If use_memory: false, extraction operates without cross-batch context.
Large models (e.g., 70B, Qwen, Mixtral) are automatically loaded with 4-bit quantization.
Results are saved as:
output/baseline/<run_id>.csv
Each row contains:
canto | stanza | character_name | textual_mention
Where:
-
canto= canto number -
stanza= octave number -
character_name= canonical character name returned by the model -
textual_mention= excerpt mentioning the character found in the stanza
These files can be used as input for:
run_normalizer.py
A detailed JSONL log of prompts and model outputs is also stored in:
output/baseline/logs/
4. Normalization
This module performs post-processing normalization of character names extracted by LLMs and NER. Its purpose is to merge near-duplicate character names produced by the model.
The normalization procedure:
- Standardizes extracted names (uppercase, removal of articles/prepositions, punctuation cleanup)
- Computes pairwise string similarity
- Groups names whose similarity exceeds a configurable threshold
- Retains the most frequent variant as the canonical form
- Replaces all clustered variants with the retained canonical name
This process is purely string-based and does not use contextual information or external knowledge.
String similarity is computed using Python’s difflib.SequenceMatcher,
which implements the Ratcliff/Obershelp (Gestalt pattern matching) algorithm.
Similarity is calculated as:
similarity = 2 * M / T
where M is the number of matching characters and T is the total number of characters across both strings.
Run:
python run_normalizer.py
The input file and similarity threshold are controlled via config/settings.yaml:
normalization:
similarity_threshold: 0.83
target_path: "output/baseline/Qwen2.5-72B-Instruct_C1-O1_to_C12-O94_batch8_baseline_wMemQwen.csv"
Where:
-
target_path= extraction CSV to normalize (it can be chosen among the files saved underoutput/NER/and underoutput/baseline/) -
similarity_threshold= minimum similarity score (between 0 and 1) required to merge two names
The normalized file is saved as:
output/normalization/<run_id>_normalized.csv
The structure of the file remains:
canto | stanza | character_name | textual_mention
Only the character_name field may be modified.
These files can be used as input for:
run_evaluator.py
A detailed log of all merge operations is saved in:
output/normalization/logs/log_<run_id>.json
5. Evaluation
This module evaluates extracted character mentions against our manually curated ground truth for Orlando Furioso (Cantos I–XII): data/GroundTruth_OF_1-12.csv.
Evaluation operates at the stanza level. For each stanza, predicted character names are compared against annotated gold-standard names.
Character matching is performed using fuzzy string similarity, based on the Ratcliff/Obershelp algorithm (as explained for the normalization step).

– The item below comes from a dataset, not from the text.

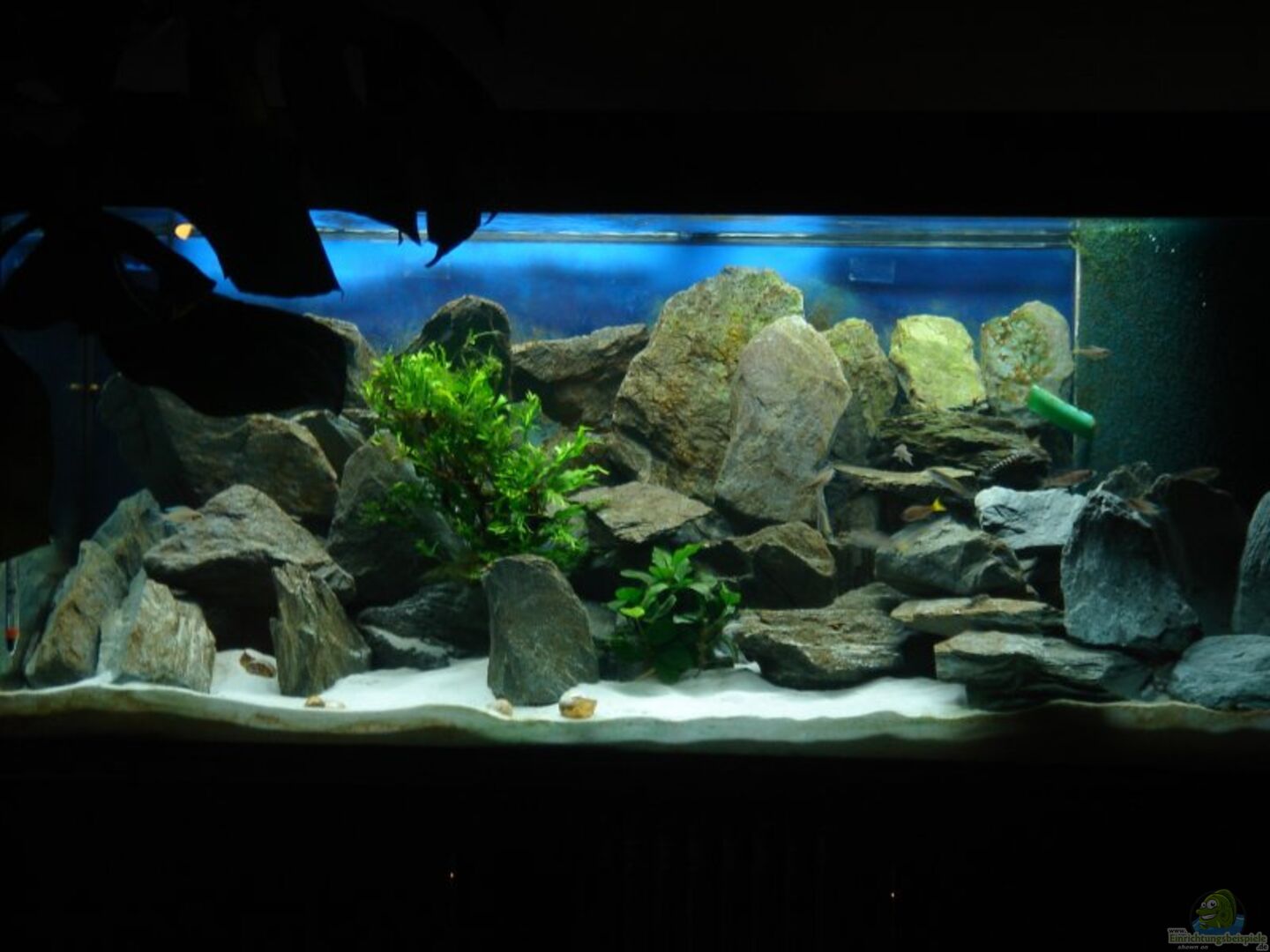 zwei Kabelkanäle als Aufnahmeführung für den HMF mittels Aqauriensilikon verklebt, Dekorplatten von 4mm Stärke in Schwarz, auf der Rückseite mit blauer Abtönfarbe bestrichen, an drei Seiten des Beckens mittels doppelseitigem Klebeband befestigt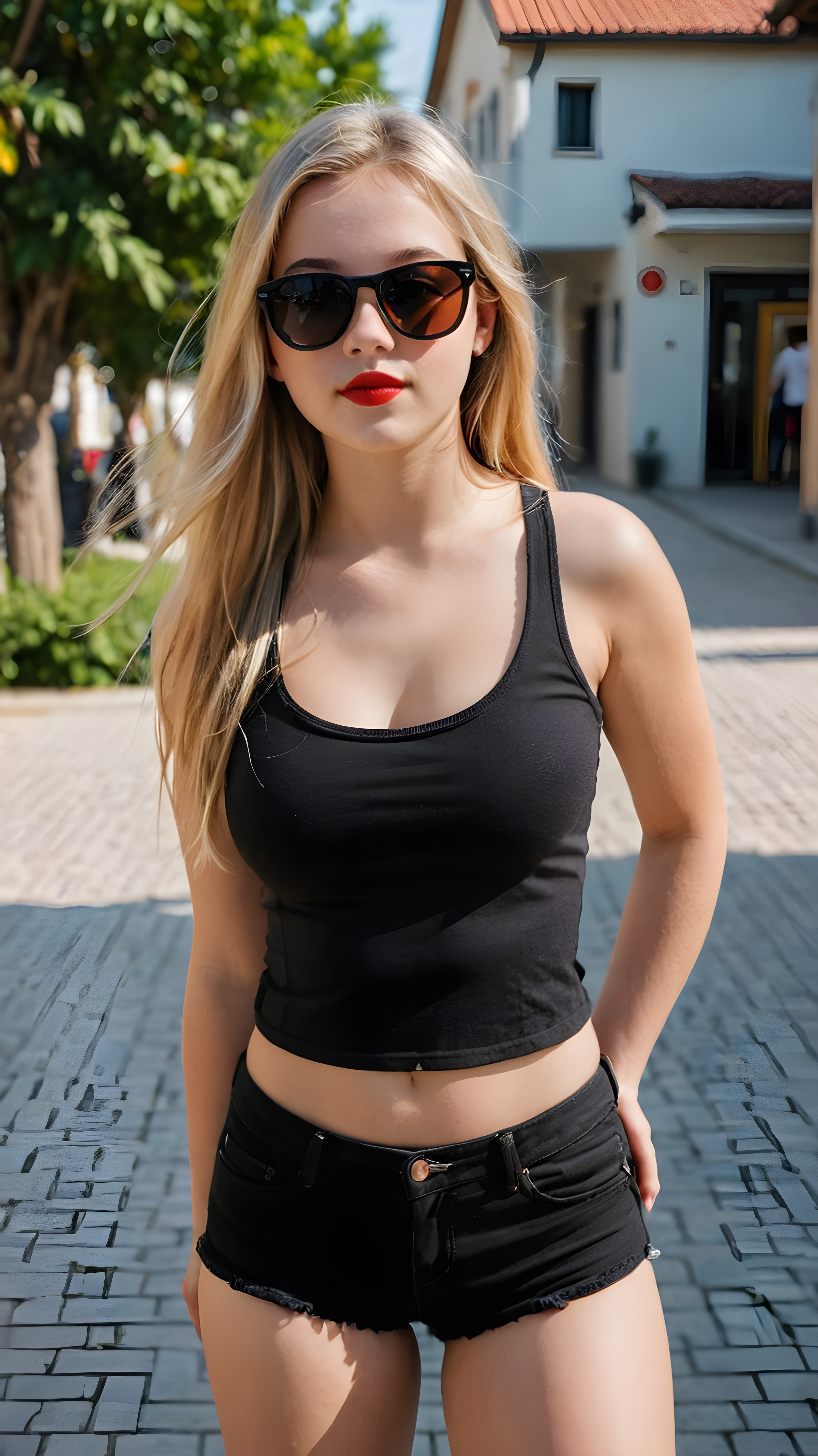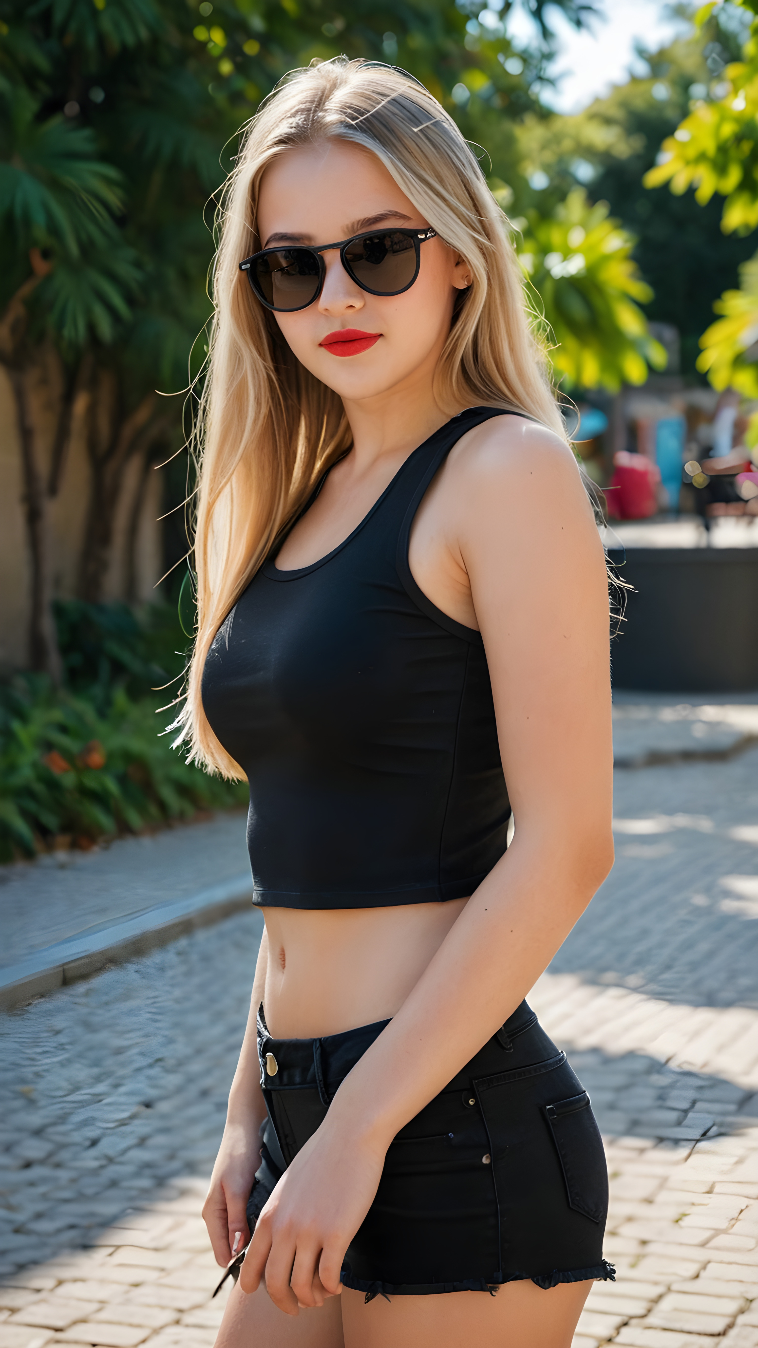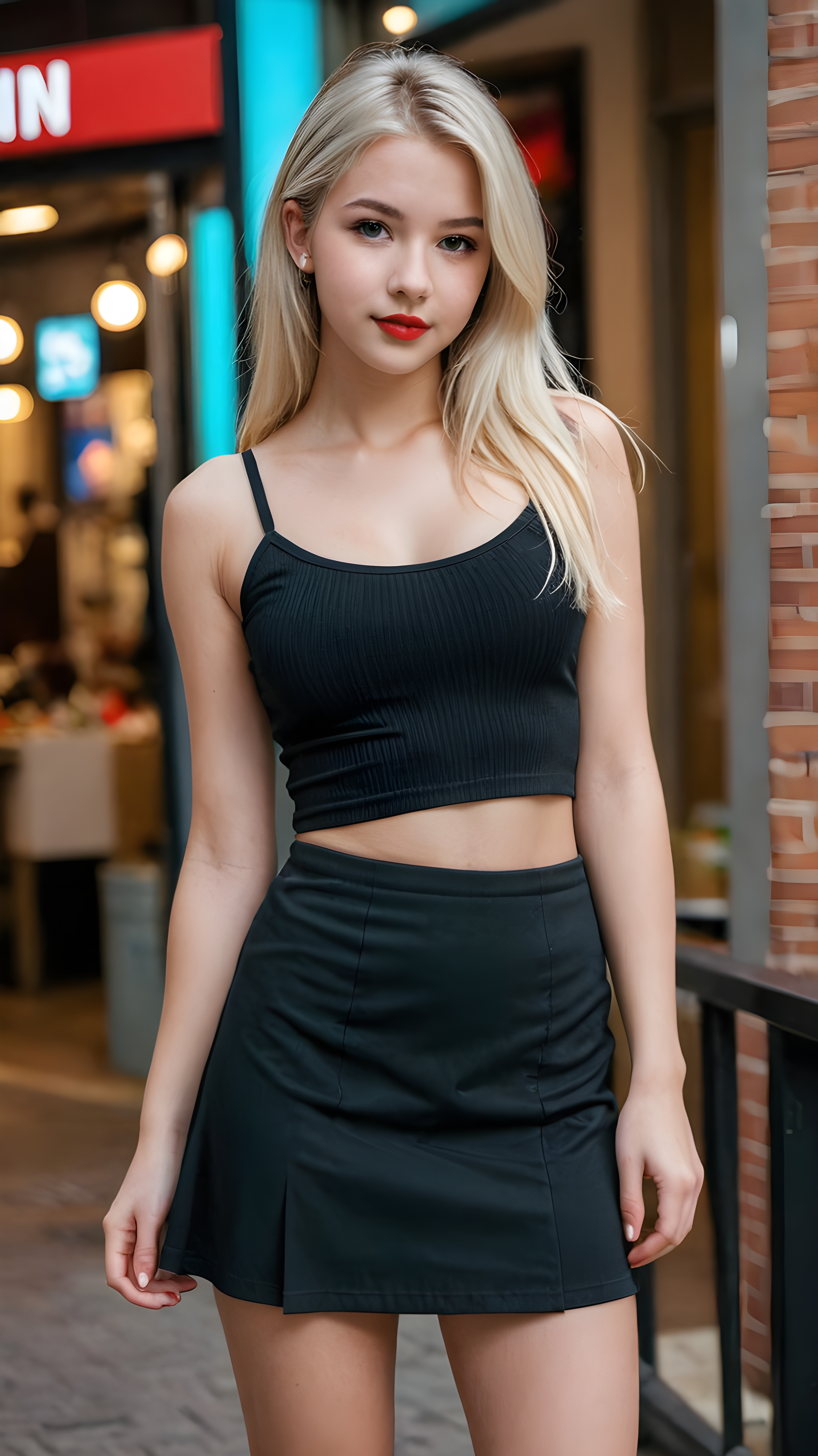 a (((cute young busty teenage girl))), with long, straight, thick, wavy, jet, shiny brown-blond hair and amber eyes, wearing a (((high cut, tight, spaghetti tank top))), and ((short, round, high-cut, thigh-high mini skirt)), posing perfect, accentuating her ((navel)) and (soft, youthful thighs) ((full body view))

A predicted name is considered a True Positive if its similarity with a ground-truth name exceeds the configurable threshold.
The evaluator computes:
-
Precision
-
Recall
-
F1-score
-
True Positives (TP)
-
False Positives (FP)
-
False Negatives (FN)
-
True Negatives (TN) (defined at the stanza level, i.e., stanzas where the model correctly identifies no character mentions)
Run:
python run_evaluator.py
The input file and similarity threshold are controlled via config/settings.yaml:
evaluation:
similarity_threshold: 0.83
target_path: "output/normalization/Qwen2.5-72B-Instruct_C1-O1_to_C12-O94_batch8_baseline_wMemQwen_normalized.csv"
Where:
target_path= any CSV file saved underoutput/normalization/.
Evaluation results are saved in:
evaluation/<run_id>_normalized/
The main result file is:
eval_<run_id>_normalized.json
This JSON file contains:
-
Global metrics
-
Raw counts
-
Per-stanza detailed results
-
Evaluation configuration parameters
Plots are automatically generated and saved under:
evaluation/<run_id>_normalized/plots/
The following visualizations are produced:
- Confusion matrix
- Character-level recall
- Top False Positives
- (Top False Negatives)
- Per-canto F1
- Combined TP/FP/FN per canto
- Stanza-level performance barcode
If using this repository, please cite our Text2Story 2026 paper (citation details to be updated upon publication).
This work is licensed under a Creative Commons Attribution 4.0 International License.